## Assigned task
All pictures must be dropped, while the entries are given again word for word.

_ _ _

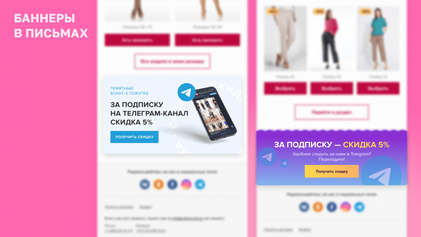 Мы ведем канал email-маркетинга для VelesModa и в некоторые письма помещаем баннеры с призывом подписаться на телеграм:
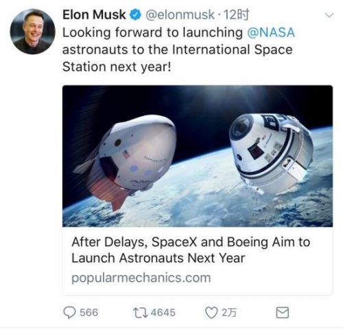 当地时间8月4日,马斯克在自己的推特账号上转推了一篇媒体文章并评论到,非常期待明年能将NASA的宇航员送到国际空间站。 马斯克预测,人类将在2020年左右登陆火星。美国宇航局给出的人类登陆火星时间则是:2030年。在接受《万古杂志》(Aeon Magazine)采访时,马斯克直言不讳地批评说,美国宇航局对登陆火星的预想时间“有些悲观”。
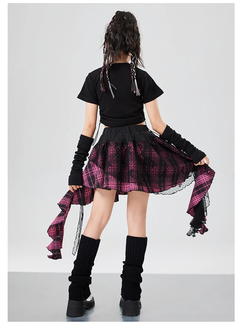 Kids Hiphop Fashion Style Rapper Clothes Set For Girl T-shirt Skirt Hip Hop Outf
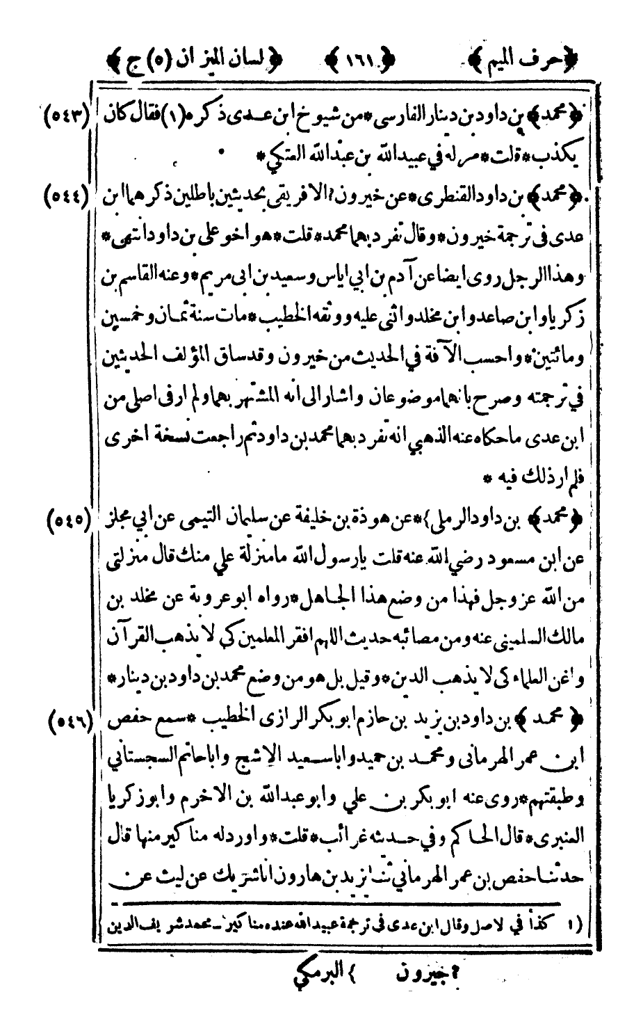 543 - "محمد" بن داود بن دينار الفارسي من شيوخ بن عدي ذكره1 فقال: كان يكذب قلت: مر له في عبيد الله بن عبد الله العتكي.
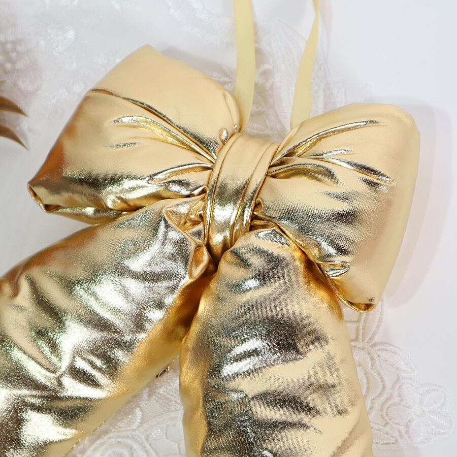 上品な輝きを放つゴールドのリボン型オーナメント。
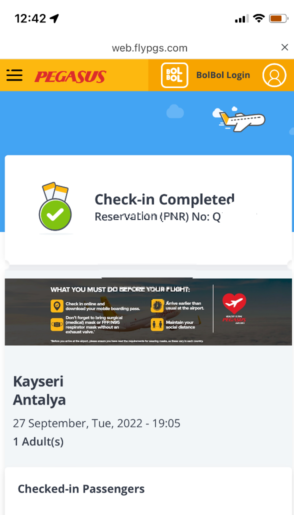 이건 카이세리->안탈리아로 가는 국내선 비행기인데.. 탑승 7일인가 5일전부터 온라인 체크인이 가능하다.
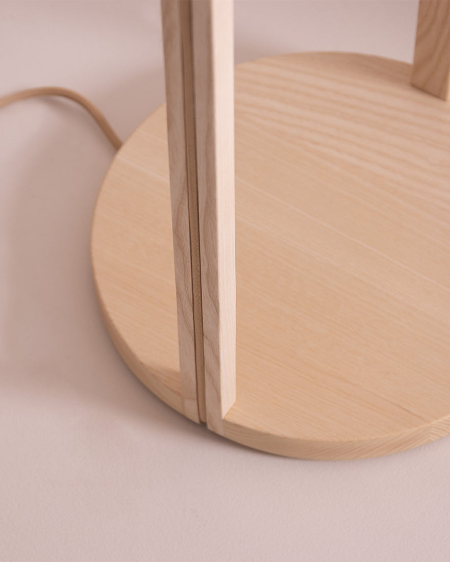 Main materials: Sustainably sourced ash, opaque glass and brass
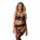 Комплект Obsessive Premisis Black 3-pcs crotchless set 2XL/3X - деталі оздоблення, регульовані бретельки, металева фурнітура
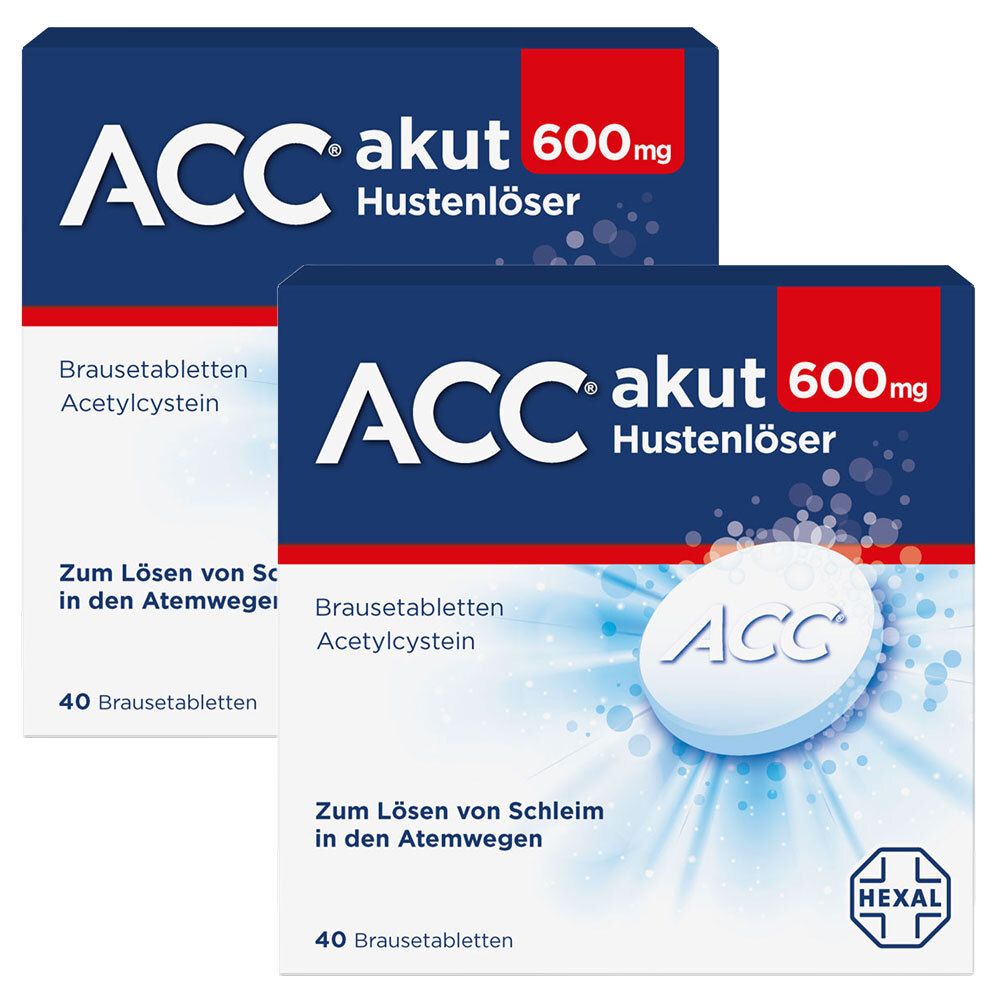 Acc akut 600 40 META PreisvergleichMit dem Meta-Preisvergleich suchen Sie gleichzeitig bei den großen Preisvergleich Portalen!Jetzt live Suche nach acc akut 600 40 starten! Acc akut 600 40 KaufberatungACC akut 600 Brausetabletten (40 Stk.) von Hexal AG ist ein rezeptfreier Schleimlöser mit 600 mg Acetylcystein pro Tablette zur Linderung von produktivem Husten durch Auflösung zähen Schleims in den Atemwegen.[1][2][3] Es eignet sich für Jugendliche ab 14 Jahren und Erwachsene (Dosierung: 1/2 Tablette 2x täglich nach Mahlzeiten, max. 600 mg/Tag ohne Rücksprache).[1][2] Wichtige Hinweise vor dem Kauf und zur Anwendung

_ _ _

## Written reply
 Мы ведем канал email-маркетинга для VelesModa и в некоторые письма помещаем баннеры с призывом подписаться на телеграм:
 当地时间8月4日,马斯克在自己的推特账号上转推了一篇媒体文章并评论到,非常期待明年能将NASA的宇航员送到国际空间站。 马斯克预测,人类将在2020年左右登陆火星。美国宇航局给出的人类登陆火星时间则是:2030年。在接受《万古杂志》(Aeon Magazine)采访时,马斯克直言不讳地批评说,美国宇航局对登陆火星的预想时间“有些悲观”。
 Kids Hiphop Fashion Style Rapper Clothes Set For Girl T-shirt Skirt Hip Hop Outf
 543 - "محمد" بن داود بن دينار الفارسي من شيوخ بن عدي ذكره1 فقال: كان يكذب قلت: مر له في عبيد الله بن عبد الله العتكي.
 上品な輝きを放つゴールドのリボン型オーナメント。
 이건 카이세리->안탈리아로 가는 국내선 비행기인데.. 탑승 7일인가 5일전부터 온라인 체크인이 가능하다.
 Main materials: Sustainably sourced ash, opaque glass and brass
 Комплект Obsessive Premisis Black 3-pcs crotchless set 2XL/3X - деталі оздоблення, регульовані бретельки, металева фурнітура
 Acc akut 600 40 META PreisvergleichMit dem Meta-Preisvergleich suchen Sie gleichzeitig bei den großen Preisvergleich Portalen!Jetzt live Suche nach acc akut 600 40 starten! Acc akut 600 40 KaufberatungACC akut 600 Brausetabletten (40 Stk.) von Hexal AG ist ein rezeptfreier Schleimlöser mit 600 mg Acetylcystein pro Tablette zur Linderung von produktivem Husten durch Auflösung zähen Schleims in den Atemwegen.[1][2][3] Es eignet sich für Jugendliche ab 14 Jahren und Erwachsene (Dosierung: 1/2 Tablette 2x täglich nach Mahlzeiten, max. 600 mg/Tag ohne Rücksprache).[1][2] Wichtige Hinweise vor dem Kauf und zur Anwendung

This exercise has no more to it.